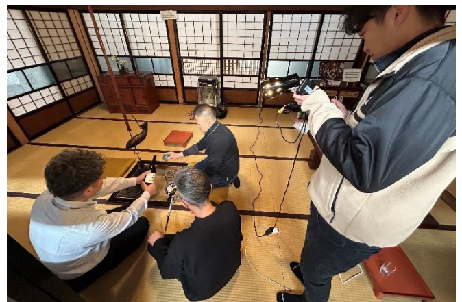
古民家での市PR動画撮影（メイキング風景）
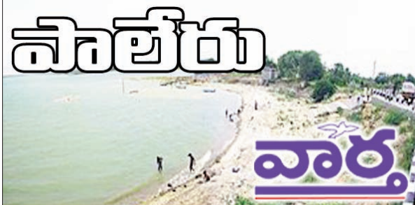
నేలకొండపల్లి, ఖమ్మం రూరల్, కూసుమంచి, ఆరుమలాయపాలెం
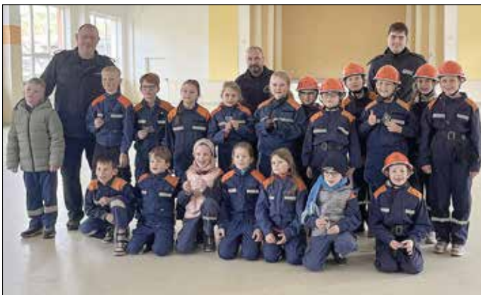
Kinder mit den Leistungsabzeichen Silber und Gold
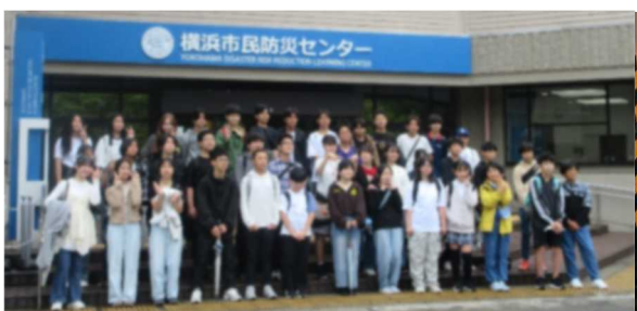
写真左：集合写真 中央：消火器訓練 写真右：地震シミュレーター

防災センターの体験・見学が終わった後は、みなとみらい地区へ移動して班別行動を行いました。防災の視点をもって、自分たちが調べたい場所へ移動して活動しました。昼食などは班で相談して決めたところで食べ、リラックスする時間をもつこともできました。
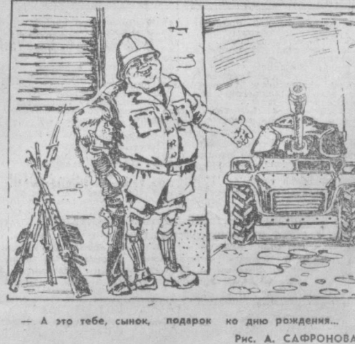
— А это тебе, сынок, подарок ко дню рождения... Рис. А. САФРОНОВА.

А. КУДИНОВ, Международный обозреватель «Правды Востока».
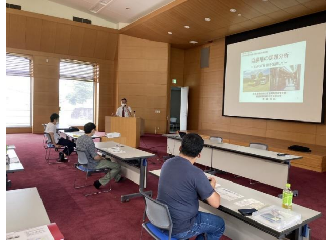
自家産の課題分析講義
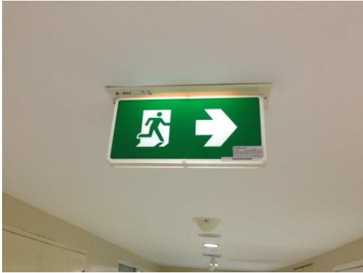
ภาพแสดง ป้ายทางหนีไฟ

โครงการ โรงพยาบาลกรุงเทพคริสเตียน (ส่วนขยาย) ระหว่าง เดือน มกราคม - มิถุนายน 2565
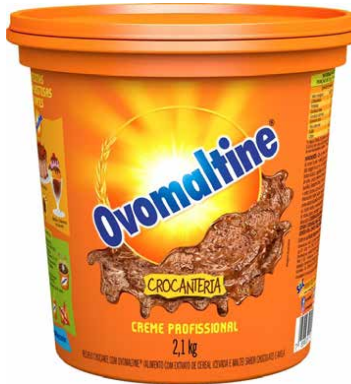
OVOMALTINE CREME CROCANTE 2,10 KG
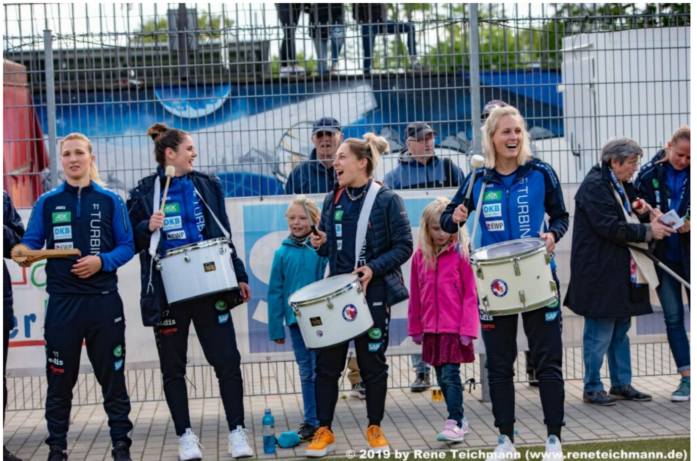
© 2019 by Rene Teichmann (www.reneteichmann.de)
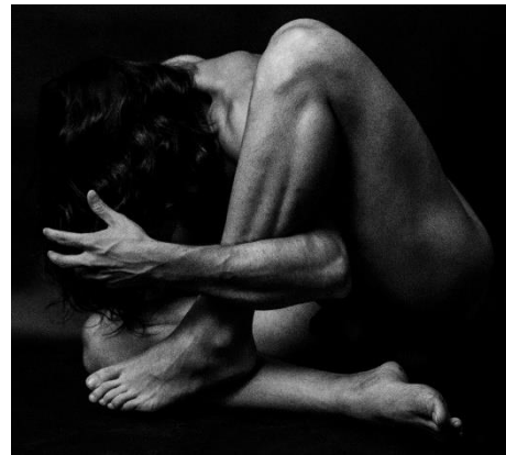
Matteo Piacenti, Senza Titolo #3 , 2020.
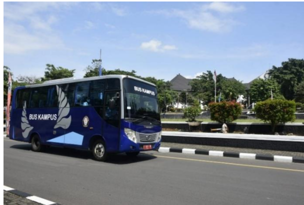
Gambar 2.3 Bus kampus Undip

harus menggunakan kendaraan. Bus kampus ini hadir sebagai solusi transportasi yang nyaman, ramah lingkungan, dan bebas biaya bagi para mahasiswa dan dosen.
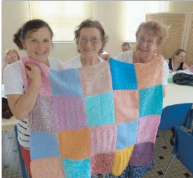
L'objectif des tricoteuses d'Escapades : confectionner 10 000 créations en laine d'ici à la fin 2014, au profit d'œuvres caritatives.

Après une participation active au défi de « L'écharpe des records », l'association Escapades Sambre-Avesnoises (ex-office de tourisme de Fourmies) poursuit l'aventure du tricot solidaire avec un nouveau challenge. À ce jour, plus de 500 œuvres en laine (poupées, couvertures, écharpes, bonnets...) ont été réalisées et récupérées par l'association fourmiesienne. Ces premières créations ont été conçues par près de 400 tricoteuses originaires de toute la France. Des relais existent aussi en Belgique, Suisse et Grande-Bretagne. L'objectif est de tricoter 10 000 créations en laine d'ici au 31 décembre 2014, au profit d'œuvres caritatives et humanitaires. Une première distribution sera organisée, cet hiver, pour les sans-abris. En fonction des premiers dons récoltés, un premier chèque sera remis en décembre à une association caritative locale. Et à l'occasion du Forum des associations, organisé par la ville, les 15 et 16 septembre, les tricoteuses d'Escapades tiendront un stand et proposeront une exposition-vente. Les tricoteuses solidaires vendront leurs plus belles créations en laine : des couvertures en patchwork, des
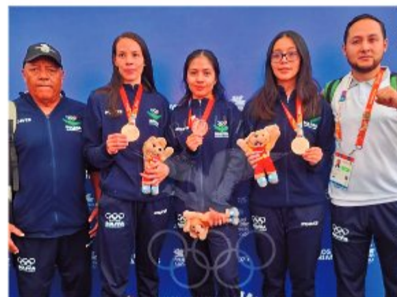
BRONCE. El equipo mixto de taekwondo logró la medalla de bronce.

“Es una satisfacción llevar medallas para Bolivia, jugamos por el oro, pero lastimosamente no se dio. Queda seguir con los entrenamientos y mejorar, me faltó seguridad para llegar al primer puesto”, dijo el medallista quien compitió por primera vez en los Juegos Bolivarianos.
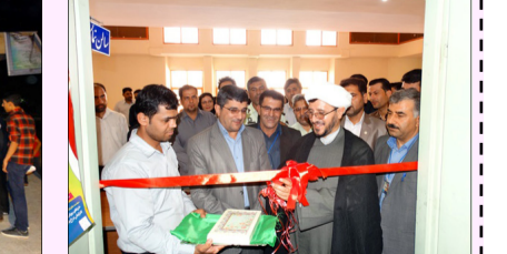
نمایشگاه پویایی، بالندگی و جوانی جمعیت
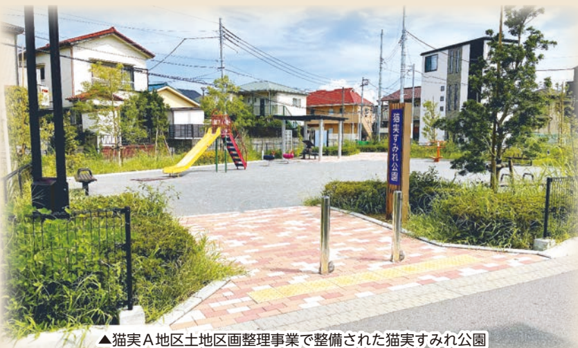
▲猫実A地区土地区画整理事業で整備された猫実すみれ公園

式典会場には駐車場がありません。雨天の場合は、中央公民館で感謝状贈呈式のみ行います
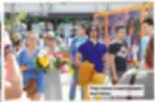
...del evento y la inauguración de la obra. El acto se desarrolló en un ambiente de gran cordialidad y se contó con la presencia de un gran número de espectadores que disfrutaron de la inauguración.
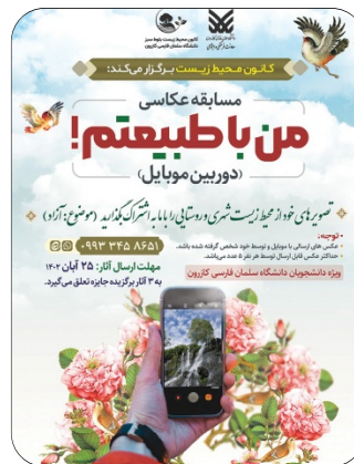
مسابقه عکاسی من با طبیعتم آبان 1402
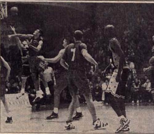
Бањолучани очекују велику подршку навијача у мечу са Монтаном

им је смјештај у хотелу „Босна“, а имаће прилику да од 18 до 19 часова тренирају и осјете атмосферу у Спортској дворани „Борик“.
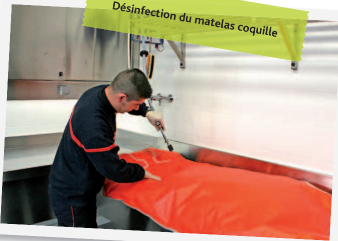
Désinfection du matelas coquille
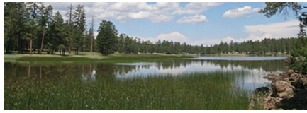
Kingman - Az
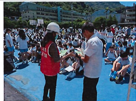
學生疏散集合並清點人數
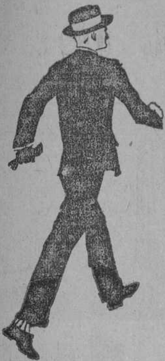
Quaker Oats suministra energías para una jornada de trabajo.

* * *

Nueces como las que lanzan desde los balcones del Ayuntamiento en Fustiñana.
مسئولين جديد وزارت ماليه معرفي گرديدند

Exercise: Using the data above, give again exactly the lines starting at the one holding "OVOMALTINE CREME CROCANTE 2,10 KG" and ending at the one holding "L'objectif des tricoteuses", inclusive, and nothing more. Omit the pictures.

Result of the exercise:
OVOMALTINE CREME CROCANTE 2,10 KG
© 2019 by Rene Teichmann (www.reneteichmann.de)
Matteo Piacenti, Senza Titolo #3 , 2020.
Gambar 2.3 Bus kampus Undip

harus menggunakan kendaraan. Bus kampus ini hadir sebagai solusi transportasi yang nyaman, ramah lingkungan, dan bebas biaya bagi para mahasiswa dan dosen.
L'objectif des tricoteuses d'Escapades : confectionner 10 000 créations en laine d'ici à la fin 2014, au profit d'œuvres caritatives.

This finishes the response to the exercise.